Incontri per il sì alla fusione tra Roncà e San Giovanni Ilarione in vista del referendum del 21 gennaio, ma il sindaco ilarionese diserta: «Reputo corretto informare prima la cittadinanza sulle ragioni del mio no». Con queste parole Luciano Marcazzan ha risposto alla comunicazione con cui il collega roncadese Roberto Turri lo invitava a intervenire a due incontri pubblici, da quest’ultimo promossi, dedicati alla fusione. Il primo di questi incontri è in programma stasera alle 20.30 proprio a San Giovanni Ilarione nel teatro parrocchiale.
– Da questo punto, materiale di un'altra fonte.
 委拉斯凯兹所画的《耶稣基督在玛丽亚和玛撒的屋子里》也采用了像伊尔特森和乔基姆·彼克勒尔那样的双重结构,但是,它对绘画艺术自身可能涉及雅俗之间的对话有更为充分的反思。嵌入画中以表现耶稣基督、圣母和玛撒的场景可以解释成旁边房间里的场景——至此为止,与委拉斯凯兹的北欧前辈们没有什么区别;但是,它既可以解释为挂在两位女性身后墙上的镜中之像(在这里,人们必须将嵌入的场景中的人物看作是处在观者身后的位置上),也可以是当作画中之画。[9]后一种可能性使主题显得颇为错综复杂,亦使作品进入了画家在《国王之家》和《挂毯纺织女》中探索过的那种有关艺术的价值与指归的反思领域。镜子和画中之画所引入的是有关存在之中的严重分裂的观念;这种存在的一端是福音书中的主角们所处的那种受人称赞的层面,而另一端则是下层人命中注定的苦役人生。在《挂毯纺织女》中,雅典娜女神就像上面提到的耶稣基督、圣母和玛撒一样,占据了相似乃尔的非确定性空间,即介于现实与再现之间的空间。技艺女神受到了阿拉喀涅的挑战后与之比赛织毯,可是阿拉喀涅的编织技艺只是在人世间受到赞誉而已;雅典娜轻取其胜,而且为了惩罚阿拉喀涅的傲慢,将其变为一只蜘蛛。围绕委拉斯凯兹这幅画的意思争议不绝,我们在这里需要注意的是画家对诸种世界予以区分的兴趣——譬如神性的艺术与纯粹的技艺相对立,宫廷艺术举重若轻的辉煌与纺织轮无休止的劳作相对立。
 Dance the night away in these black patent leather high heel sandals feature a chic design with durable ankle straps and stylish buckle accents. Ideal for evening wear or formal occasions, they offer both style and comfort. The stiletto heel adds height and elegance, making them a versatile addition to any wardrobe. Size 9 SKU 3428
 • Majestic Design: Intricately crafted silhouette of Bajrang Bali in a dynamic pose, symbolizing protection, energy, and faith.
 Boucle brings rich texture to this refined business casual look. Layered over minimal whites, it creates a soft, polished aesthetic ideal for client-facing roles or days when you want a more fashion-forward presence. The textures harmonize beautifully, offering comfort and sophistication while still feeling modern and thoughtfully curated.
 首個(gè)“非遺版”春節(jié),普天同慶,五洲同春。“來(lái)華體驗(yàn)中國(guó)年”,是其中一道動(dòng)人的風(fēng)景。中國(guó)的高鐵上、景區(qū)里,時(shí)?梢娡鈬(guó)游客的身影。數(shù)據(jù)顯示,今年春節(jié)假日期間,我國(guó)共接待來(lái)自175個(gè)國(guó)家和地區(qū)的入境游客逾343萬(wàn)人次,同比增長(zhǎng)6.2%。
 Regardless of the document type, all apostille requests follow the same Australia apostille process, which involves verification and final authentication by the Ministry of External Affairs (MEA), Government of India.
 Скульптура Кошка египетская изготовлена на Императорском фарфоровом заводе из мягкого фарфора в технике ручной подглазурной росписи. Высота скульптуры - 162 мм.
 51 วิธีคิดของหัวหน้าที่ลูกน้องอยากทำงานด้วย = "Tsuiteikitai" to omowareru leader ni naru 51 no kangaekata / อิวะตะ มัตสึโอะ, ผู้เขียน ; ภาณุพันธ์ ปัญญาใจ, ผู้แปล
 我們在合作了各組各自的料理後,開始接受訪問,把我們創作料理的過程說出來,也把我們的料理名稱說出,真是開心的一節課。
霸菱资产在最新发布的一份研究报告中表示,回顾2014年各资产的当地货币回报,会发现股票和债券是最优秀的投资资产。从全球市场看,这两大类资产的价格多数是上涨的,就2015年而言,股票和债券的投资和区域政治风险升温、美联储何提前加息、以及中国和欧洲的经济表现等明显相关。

In questo e nel prossimo, Turri farà intervenire due sindaci non veronesi che dalla fusione dei propri municipi sono già passati.

Questa sera a San Giovanni Ilarione si potrà ascoltare l’esperienza di Roberto Padrin, sindaco di Longarone: giovedì, in occasione dell ’incontro che sarà invece ospitato alle 20.30 al teatro parrocchiale di Roncà, porterà la propria esperienza Maurizio Filipponi, sindaco di Val Liona.

Marcazzan ha scritto il suo no, dicendo di ritenere comunque «utile e legittimo quanto organizzato per il sì alla fusione». Il sindaco ilarionese spiega: «Voglio così ribadire una posizione sostenuta sia in qualità di consigliere di minoranza in occasione della discussione delle delibere di avvio del processo di fusione, sia in campagna elettorale per le amministrative 2017. In coerenza con questa mia posizione, organizzerò una campagna informativa per i miei cittadini a sostegno di quanto presente nel nostro programma elettorale».

Dalla sua Marcazzan ha anche l’esito del confronto sul tema con i rappresentanti delle associazioni e con le categorie del paese: «C’erano i rappresentanti di 18 realtà ilarionesi, per la prima volta convocate su questo tema. Abbiamo affrontato la questione e ho colto lo stupore per il fatto che la Regione ha scelto di andare avanti comunque pur conoscendo la posizione di San Giovanni». «Quel che ha unito tutti», spiega Marcazzan, «è l’idea che le risorse non dovrebbero essere la ragione della fusione ma la conseguenza di un processo che mette al primo posto un percorso di condivisione che, in questo caso, non è mai stato fatto».

E per essere ancora più chiaro Marcazzan tira fuori una mappa catastale e una foto aerea che dimostra cosa effettivamente unisca le due realtà: 104 metri in pieno bosco.

Dal canto suo, Turri va avanti per la sua strada e ribadendo che si tratta di far sintesi di due municipi e non di due paesi, tiene alta la bandiera della fusione: «Dire sì per sbloccare gli investimenti sul territorio, mantenere e rafforzare i servizi, ridurre le tasse comunali, progettare lo sviluppo locale, valorizzare il personale pubblico e usufruire di incentivi statali regionali». «Dire no a tutto questo», incalza, «significa solo fare un dispetto alla popolazione alla quale, oggi, i singoli Comuni non sono in grado di erogare i servizi necessari, visto che siamo in condizione di garantire a malapena l’ordinario. È una opportunità straordinaria».

«Quanto al forfait del collega di San Giovanni Ilarione», conclude Turri, «mi dispiace perché proprio mettendosi a confronto avrebbe potuto far valere le sue ragioni per il no ma anche interrogare chi sta già sperimentando la fusione e, oltre tutto, non è un sindaco leghista».